No country should claim infallibility and each country should be prepared to re-examine its own attitudes for the
common good. The United States stressed that the peoples of Indochina should be allowed to determine their
destiny without outside intervention; its constant primary objective has been a negotiated solution; the eight-
point proposal put forward by the Republic of Vietnam and the United States on January 27, 1972 represents a
basis for the attainment of that objective; in the absence of a negotiated settlement the United States envisages
the ultimate withdrawal of all U.S. forces from the region consistent with the aim of self-determination for each
country of Indochina. The United States will maintain its close ties with and support for the Republic of Korea;
the United States will support efforts of the Republic of Korea to seek a relaxation of tension and increased
communication in the Korean peninsula. The United States places the highest value on its friendly relations with
Japan; it will continue to develop the existing close bonds. Consistent with the United Nations Security Council
Resolution of December 21, 1971, the United States favors the continuation of the ceasefire between India and
Pakistan and the withdrawal of all military forces to within their own territories and to their own sides of the
ceasefire line in Jammu and Kashmir; the United States supports the right of the peoples of South Asia to shape
their own future in peace, free of military threat, and without having the area become the subject of great power
rivalry.
The Chinese side stated: Wherever there is oppression, there is resistance. Countries want independence,
nations want liberation and the people want revolution—this has become the irresistible trend of history. All
nations, big or small, should be equal; big nations should not bully the small and strong nations should not bully
the weak. China will never be a superpower and it opposes hegemony and power politics of any kind. The
Chinese side stated that it firmly supports the struggles of all the oppressed people and nations for freedom and
liberation and that the people of all countries have the right to choose their social systems according to their
own wishes and the right to safeguard the independence, sovereignty and territorial integrity of their own
countries and oppose foreign aggression, interference, control and subversion. All foreign troops should be
withdrawn to their own countries.
The Chinese side expressed its firm support to the peoples of Vietnam, Laos and Cambodia in their efforts
for the attainment of their goal and its firm support to the seven-point proposal of the Provisional Revolutionary
Government of the Republic of South Vietnam and the elaboration of February this year on the two key problems
in the proposal, and to the Joint Declaration of the Summit Conference of the Indochinese Peoples. It firmly
supports the eight-point program for the peaceful unification of Korea put forward by the Government of the
Democratic People’s Republic of Korea on April 12, 1971, and the stand for the abolition of the “U.N. Commission
for the Unification and Rehabilitation of Korea.” It firmly opposes the revival and outward expansion of Japanese
militarism and firmly supports the Japanese people’s desire to build an independent, democratic, peaceful and
neutral Japan. It firmly maintains that India and Pakistan should, in accordance with the United Nations
resolutions on the India-Pakistan question, immediately withdraw all their forces to their respective territories
and to their own sides of the ceasefire line in Jammu and Kashmir and firmly supports the Pakistan Government
and people in their struggle to preserve their independence and sovereignty and the people of Jammu and
Kashmir in their struggle for the right of self-determination.
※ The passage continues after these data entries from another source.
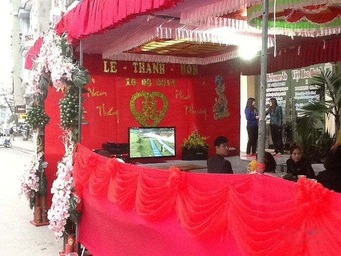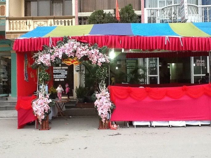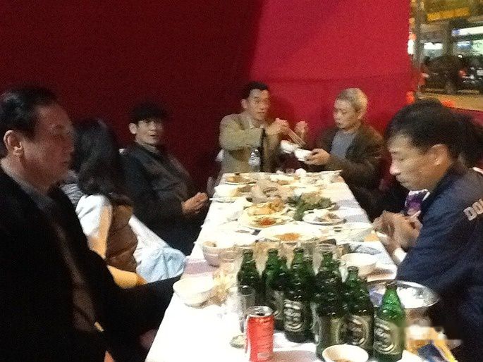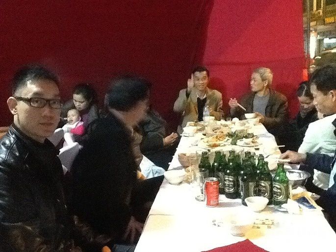 今天(3月15号)傍晚在下龙湾漫步,马路旁看到一家越南人举办婚礼前奏宴请,我上前向他们祝贺新婚快乐。有一位长者邀请我参加他们的宴请,并请我喝一小杯黄酒。
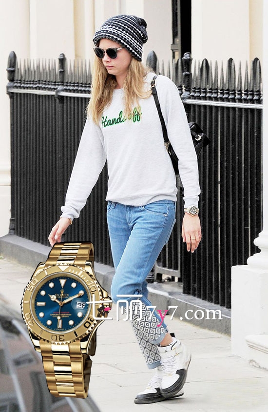 时尚点评:卡拉·迪瓦伊全身武装式的出街,街头范儿十足,帅气养眼,而手腕上的金色腕表也颇为引人注目,劳力士游艇名仕型系列16628蓝盘腕表,18K黄金,蓝宝石水晶玻璃,虽是新一代名模,但身价不菲哦!
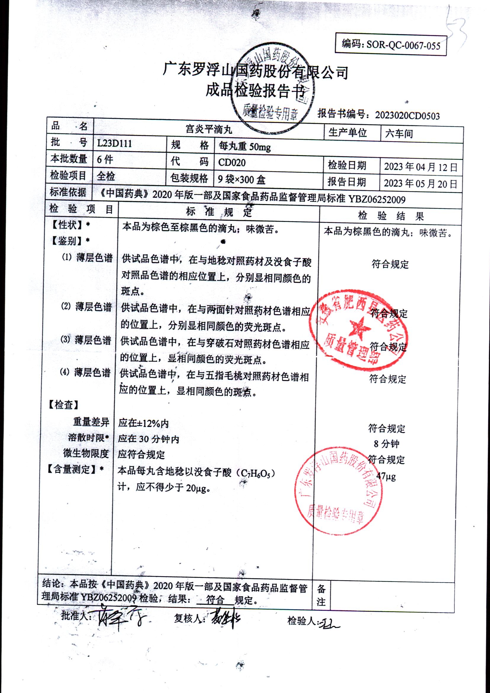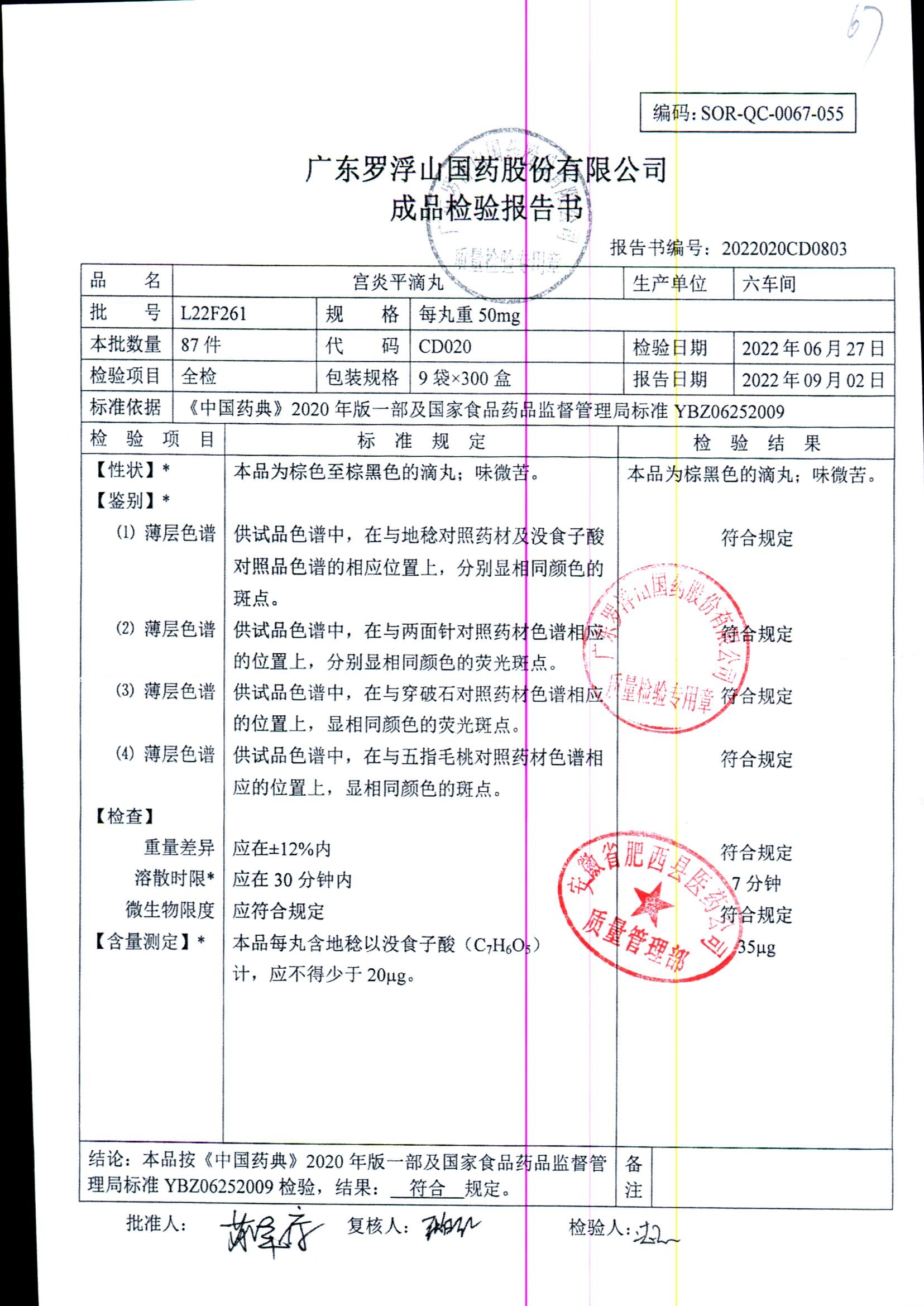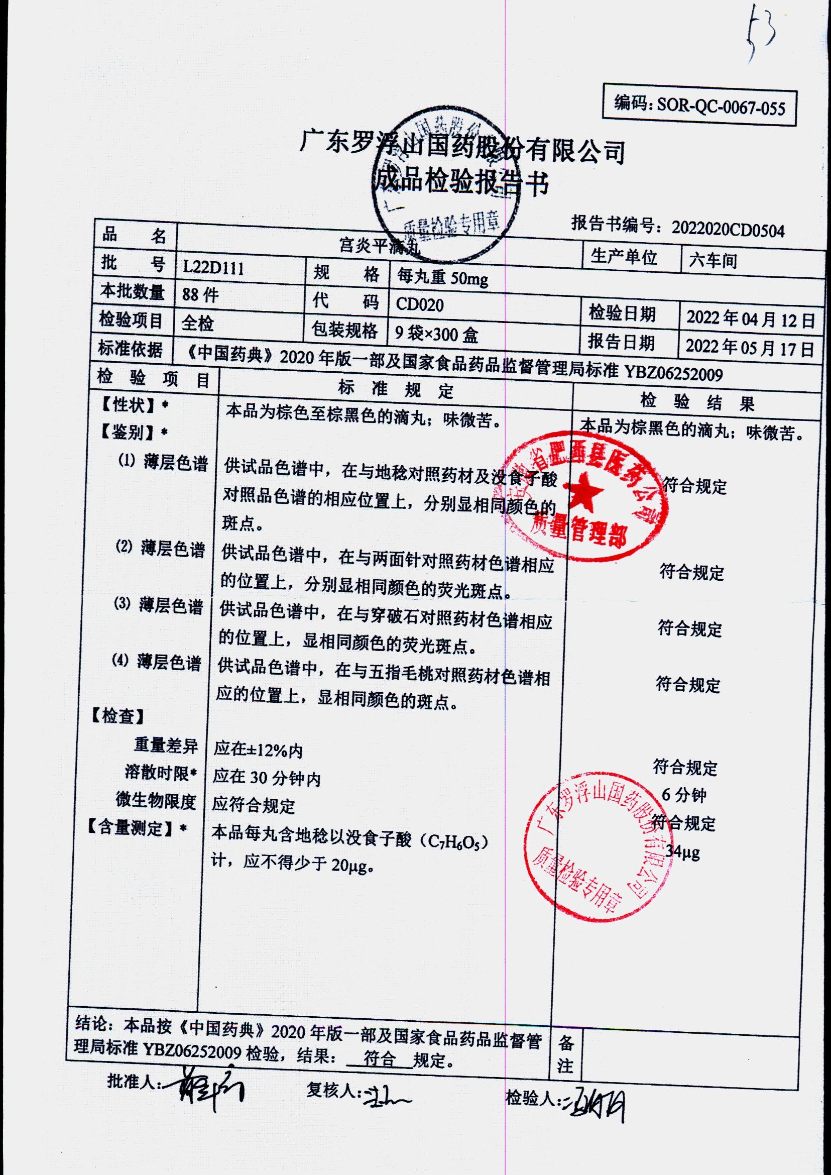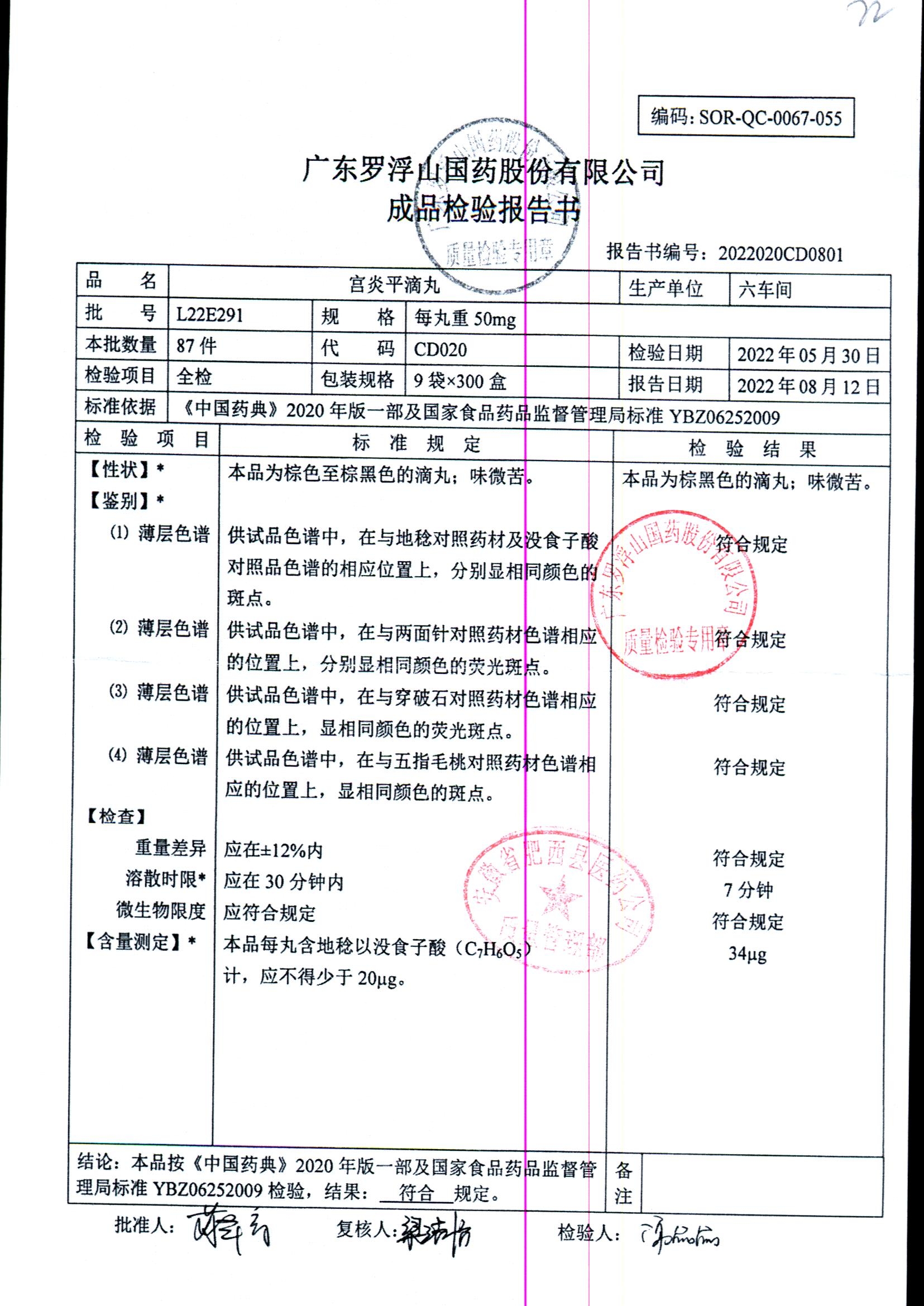 宫炎平滴丸 | 50mg*9袋 | L221111 | 查看详情 |
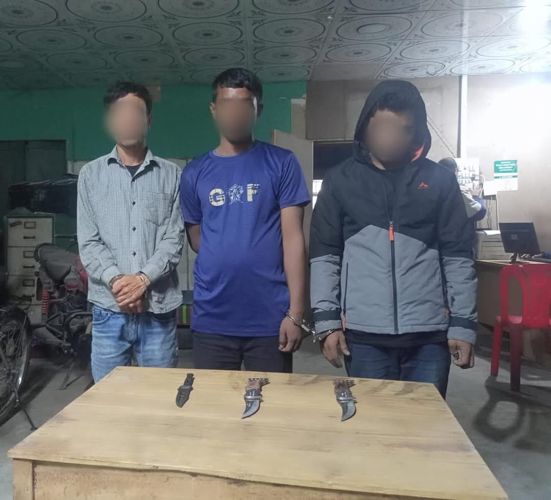 গ্রেফতারকৃতরা হলো- ১। মোঃ রনি (২৯), ২। মোঃ হুমায়ুন কবির (২৫) ও ৩। মোঃ আনোয়ার (৪০) । এ সময় তাদের হেফাজত হতে দুটি স্টিলের সুইচ গিয়ার চাকু ও একটি স্টিলের চাকু উদ্ধার করা হয়।
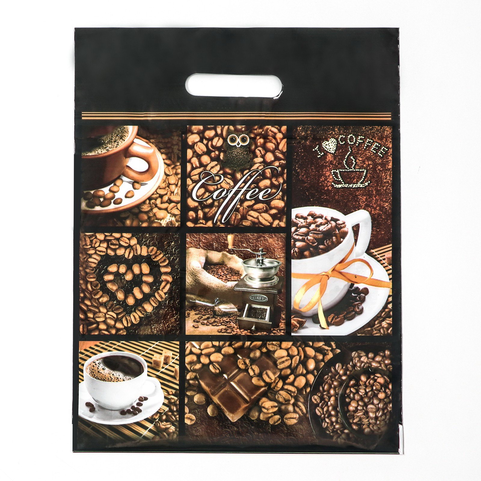 Пакет "Кофе", полиэтиленовый с вырубной ручкой, 60 мкм 31x40 см, Интерпак, Россия
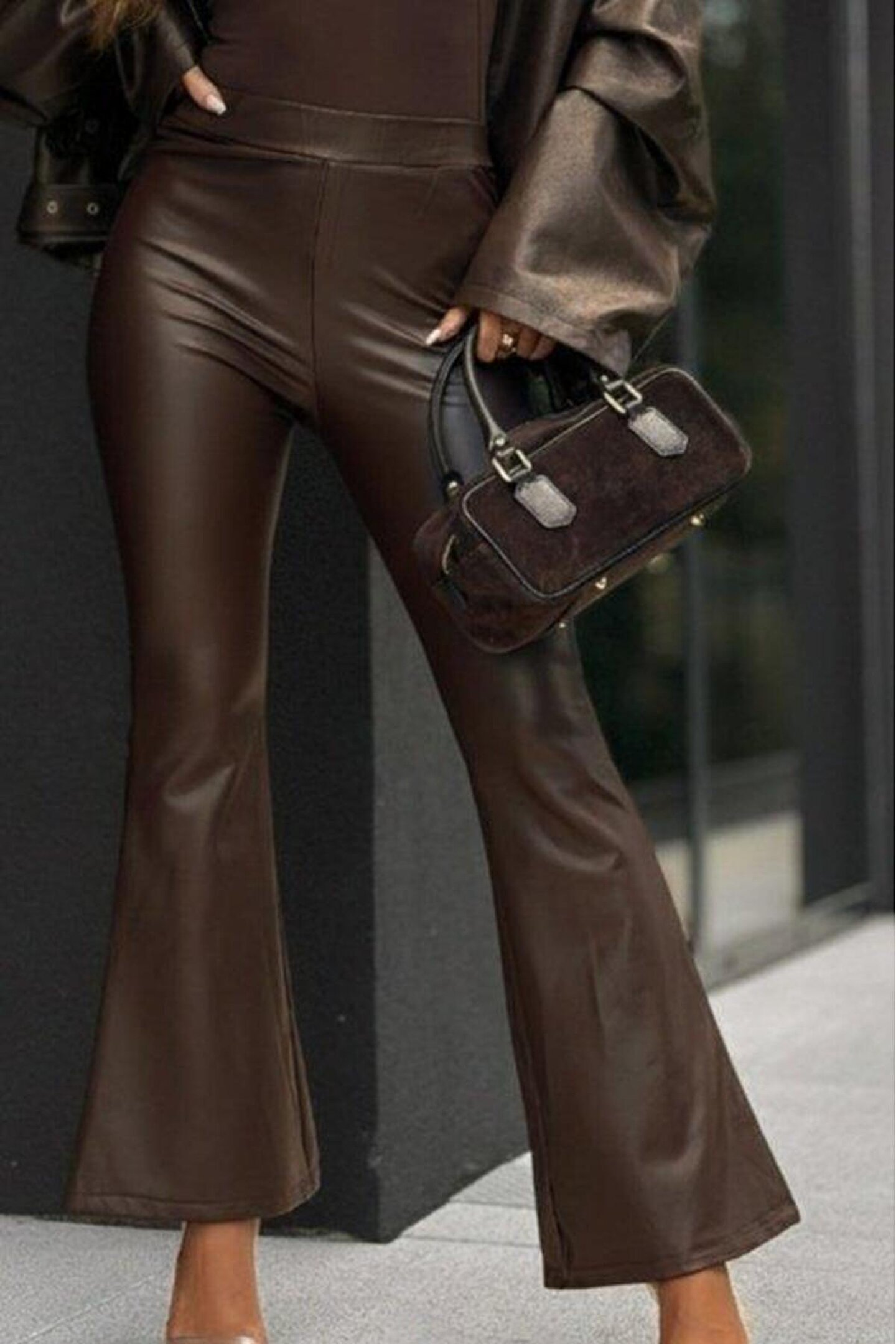 Kadın Yüksek Bel İspanyol Paçalı Deri Pantolon

There are essential differences between China and the United States in their social systems and foreign
policies. However, the two sides agreed that countries, regardless of their social systems, should conduct their
relations on the principles of respect for the sovereignty and territorial integrity of all states, non-aggression
against other states, noninterference in the internal affairs of other states, equality and mutual benefit, and
peaceful coexistence. International disputes should be settled on this basis, without resorting to the use or threat
of force. The United States and the People’s Republic of China are prepared to apply these principles to their
mutual relations.
With these principles of international relations in mind the two sides stated that:
— progress toward the normalization of relations between China and the United States is in the interests
of all countries;
— both wish to reduce the danger of international military conflict;
— neither should seek hegemony in the Asia-Pacific region and each is opposed to efforts by any other
country or group of countries to establish such hegemony; and
— neither is prepared to negotiate on behalf of any third party or to enter into agreements or
understandings with the other directed at other states.
Both sides are of the view that it would be against the interests of the peoples of the world for any major
country to collude with another against other countries, or for major countries to divide up the world into
spheres of interest.
The two sides reviewed the long-standing serious disputes between China and the United States. The
Chinese side reaffirmed its position: The Taiwan question is the crucial question obstructing the normalization of
relations between China and the United States; the Government of the People’s Republic of China is the sole
legal government of China; Taiwan is a province of China which has long been returned to the motherland; the
liberation of Taiwan is China’s internal affair in which no other country has the right to interfere; and all U.S.
forces and military installations must be withdrawn from Taiwan. The Chinese Government firmly opposes any
activities which aim at the creation of “one China, one Taiwan.” “one China, two governments.” “two Chinas,”
and “independent Taiwan” or advocate that “the status of Taiwan remains to be determined.”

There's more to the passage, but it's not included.